== Required action ==
Output the full listing below exactly, without the pictures.

== Data below ==
##########
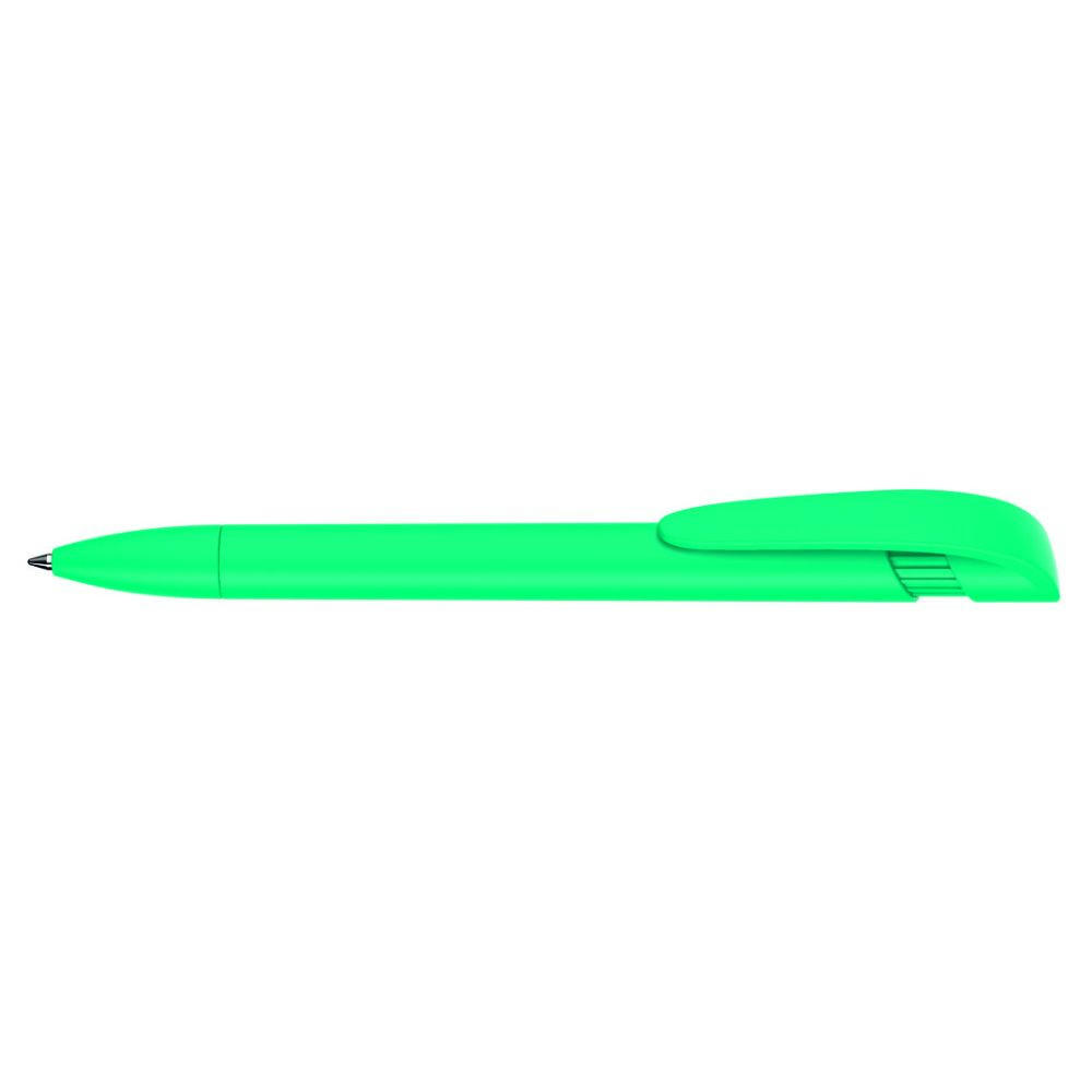 Druckkugelschreiber mit gedeckt mattem Gehäuse, breitem Bogenclipdrücker und Spitze.
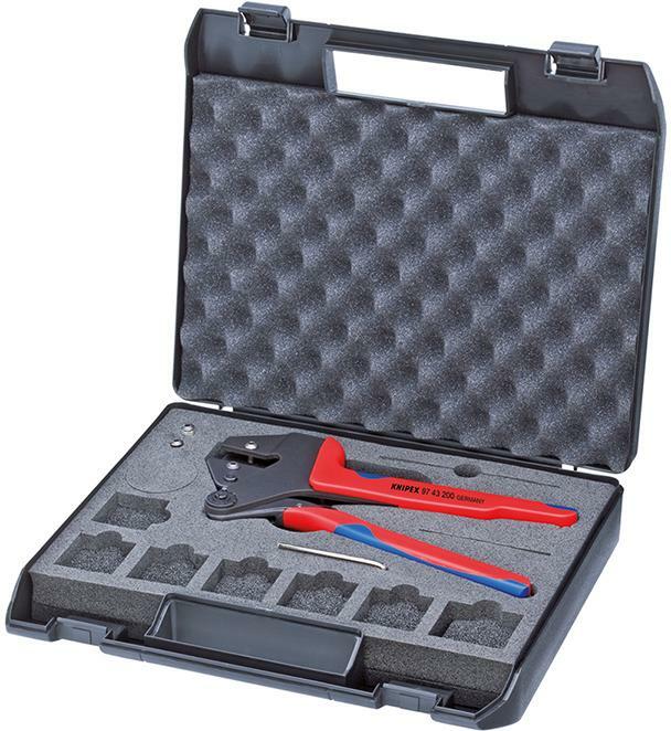 - V plastovém kufříku, pěnová vložka s prohlubněmi pro ukládání krimpovacích nástavců a polohovacích přípravků- s montážním nářadím (inbusový klíč), šrouby a matkami
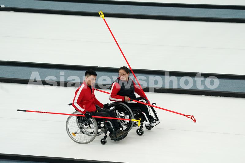 图片说明:2021年4月9日,运动员在“相约北京”轮椅冰壶测试活动中。
##########
== Output for this exercise ==
 Druckkugelschreiber mit gedeckt mattem Gehäuse, breitem Bogenclipdrücker und Spitze.
 - V plastovém kufříku, pěnová vložka s prohlubněmi pro ukládání krimpovacích nástavců a polohovacích přípravků- s montážním nářadím (inbusový klíč), šrouby a matkami
 图片说明:2021年4月9日,运动员在“相约北京”轮椅冰壶测试活动中。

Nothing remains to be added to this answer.